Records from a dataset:
- Opening Delimiter -

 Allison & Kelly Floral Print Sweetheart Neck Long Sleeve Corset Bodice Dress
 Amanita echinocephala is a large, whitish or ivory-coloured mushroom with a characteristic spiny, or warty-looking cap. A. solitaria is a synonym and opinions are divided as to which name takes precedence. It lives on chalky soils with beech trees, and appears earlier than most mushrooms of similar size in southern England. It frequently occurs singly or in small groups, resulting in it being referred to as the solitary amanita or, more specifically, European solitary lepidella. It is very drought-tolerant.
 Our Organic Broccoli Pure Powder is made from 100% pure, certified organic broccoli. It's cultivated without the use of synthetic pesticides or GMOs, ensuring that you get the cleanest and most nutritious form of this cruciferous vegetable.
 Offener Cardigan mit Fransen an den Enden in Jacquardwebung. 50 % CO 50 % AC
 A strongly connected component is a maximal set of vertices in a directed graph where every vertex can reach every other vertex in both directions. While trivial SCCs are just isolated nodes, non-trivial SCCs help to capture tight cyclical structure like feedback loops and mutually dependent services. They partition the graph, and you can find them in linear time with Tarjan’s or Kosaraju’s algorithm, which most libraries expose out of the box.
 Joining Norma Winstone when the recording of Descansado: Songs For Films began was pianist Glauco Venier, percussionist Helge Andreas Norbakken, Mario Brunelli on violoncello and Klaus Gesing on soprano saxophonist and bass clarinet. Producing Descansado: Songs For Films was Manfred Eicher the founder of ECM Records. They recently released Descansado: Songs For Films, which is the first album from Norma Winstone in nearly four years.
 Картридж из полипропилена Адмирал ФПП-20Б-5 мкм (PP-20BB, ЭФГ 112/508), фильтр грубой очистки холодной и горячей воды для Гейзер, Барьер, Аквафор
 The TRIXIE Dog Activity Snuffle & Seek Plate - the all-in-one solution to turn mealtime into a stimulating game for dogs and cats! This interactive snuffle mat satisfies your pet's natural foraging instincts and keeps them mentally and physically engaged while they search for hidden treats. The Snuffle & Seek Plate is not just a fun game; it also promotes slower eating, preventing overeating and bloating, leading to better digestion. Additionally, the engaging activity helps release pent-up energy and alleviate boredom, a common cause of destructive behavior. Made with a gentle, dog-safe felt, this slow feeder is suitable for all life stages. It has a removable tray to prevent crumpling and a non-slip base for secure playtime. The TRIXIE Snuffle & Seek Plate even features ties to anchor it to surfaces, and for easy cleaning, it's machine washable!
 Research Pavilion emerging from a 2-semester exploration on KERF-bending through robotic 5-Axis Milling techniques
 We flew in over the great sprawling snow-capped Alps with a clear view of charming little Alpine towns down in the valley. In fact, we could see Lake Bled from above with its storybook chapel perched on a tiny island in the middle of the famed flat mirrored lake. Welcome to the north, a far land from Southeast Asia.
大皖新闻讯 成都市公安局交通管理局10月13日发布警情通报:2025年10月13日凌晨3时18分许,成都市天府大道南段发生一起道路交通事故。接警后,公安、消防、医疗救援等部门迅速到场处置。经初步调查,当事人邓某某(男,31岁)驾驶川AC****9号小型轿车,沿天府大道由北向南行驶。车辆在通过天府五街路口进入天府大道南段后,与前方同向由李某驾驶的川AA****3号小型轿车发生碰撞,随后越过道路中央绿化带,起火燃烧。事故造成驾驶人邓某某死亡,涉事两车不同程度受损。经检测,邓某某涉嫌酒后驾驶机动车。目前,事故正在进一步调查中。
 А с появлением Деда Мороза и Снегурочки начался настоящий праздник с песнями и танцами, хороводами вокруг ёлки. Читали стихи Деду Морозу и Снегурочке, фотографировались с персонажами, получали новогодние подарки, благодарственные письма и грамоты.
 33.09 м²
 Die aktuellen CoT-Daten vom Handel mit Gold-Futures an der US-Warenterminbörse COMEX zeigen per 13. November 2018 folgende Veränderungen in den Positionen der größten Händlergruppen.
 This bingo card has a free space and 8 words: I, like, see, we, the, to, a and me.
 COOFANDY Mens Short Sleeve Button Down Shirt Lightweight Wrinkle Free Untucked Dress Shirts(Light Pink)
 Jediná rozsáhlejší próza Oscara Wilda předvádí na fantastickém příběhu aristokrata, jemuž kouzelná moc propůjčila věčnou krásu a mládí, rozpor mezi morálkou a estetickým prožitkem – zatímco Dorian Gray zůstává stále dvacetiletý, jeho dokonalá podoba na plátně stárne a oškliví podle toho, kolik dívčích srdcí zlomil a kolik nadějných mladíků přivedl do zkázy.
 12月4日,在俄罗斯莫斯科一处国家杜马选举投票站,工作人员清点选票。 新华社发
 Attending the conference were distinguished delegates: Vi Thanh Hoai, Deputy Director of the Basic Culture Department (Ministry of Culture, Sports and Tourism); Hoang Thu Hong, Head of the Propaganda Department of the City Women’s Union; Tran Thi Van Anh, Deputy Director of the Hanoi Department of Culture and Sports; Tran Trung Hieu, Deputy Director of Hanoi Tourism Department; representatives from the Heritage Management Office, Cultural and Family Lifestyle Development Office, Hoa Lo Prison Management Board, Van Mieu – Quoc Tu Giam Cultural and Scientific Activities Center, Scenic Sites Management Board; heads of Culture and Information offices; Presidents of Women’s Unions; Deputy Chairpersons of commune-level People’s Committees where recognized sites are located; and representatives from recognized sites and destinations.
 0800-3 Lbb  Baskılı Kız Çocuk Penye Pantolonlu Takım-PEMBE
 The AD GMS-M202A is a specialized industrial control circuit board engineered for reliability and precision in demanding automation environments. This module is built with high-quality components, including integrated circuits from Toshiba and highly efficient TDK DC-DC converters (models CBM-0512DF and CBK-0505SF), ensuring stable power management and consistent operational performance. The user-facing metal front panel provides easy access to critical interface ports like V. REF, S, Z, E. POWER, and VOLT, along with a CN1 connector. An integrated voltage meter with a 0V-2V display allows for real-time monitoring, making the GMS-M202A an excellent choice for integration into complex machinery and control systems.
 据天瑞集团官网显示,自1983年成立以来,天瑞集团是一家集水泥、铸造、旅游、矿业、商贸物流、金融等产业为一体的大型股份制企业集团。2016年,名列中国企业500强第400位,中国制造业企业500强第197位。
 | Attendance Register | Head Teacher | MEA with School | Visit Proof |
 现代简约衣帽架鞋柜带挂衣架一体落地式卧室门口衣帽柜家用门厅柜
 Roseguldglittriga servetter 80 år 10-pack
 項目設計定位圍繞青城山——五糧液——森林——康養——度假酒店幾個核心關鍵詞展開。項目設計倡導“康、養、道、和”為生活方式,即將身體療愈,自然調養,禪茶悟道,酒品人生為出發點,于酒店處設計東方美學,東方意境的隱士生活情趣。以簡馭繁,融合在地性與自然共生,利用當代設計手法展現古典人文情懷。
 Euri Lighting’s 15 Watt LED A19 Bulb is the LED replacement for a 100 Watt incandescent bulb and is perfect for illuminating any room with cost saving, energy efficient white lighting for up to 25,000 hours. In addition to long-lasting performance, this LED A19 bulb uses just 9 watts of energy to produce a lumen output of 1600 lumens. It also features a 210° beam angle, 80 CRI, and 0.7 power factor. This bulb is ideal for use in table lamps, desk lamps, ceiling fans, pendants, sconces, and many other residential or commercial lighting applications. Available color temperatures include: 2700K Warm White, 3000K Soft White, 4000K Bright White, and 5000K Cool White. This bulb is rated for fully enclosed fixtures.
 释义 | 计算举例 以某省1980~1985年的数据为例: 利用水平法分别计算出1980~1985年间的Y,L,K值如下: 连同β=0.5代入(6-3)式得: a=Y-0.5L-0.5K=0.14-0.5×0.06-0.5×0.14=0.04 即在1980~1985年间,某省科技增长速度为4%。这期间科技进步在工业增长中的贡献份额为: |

- Closing Delimiter -

In the data, find how many lines hold the string "which", and answer with the number only.

3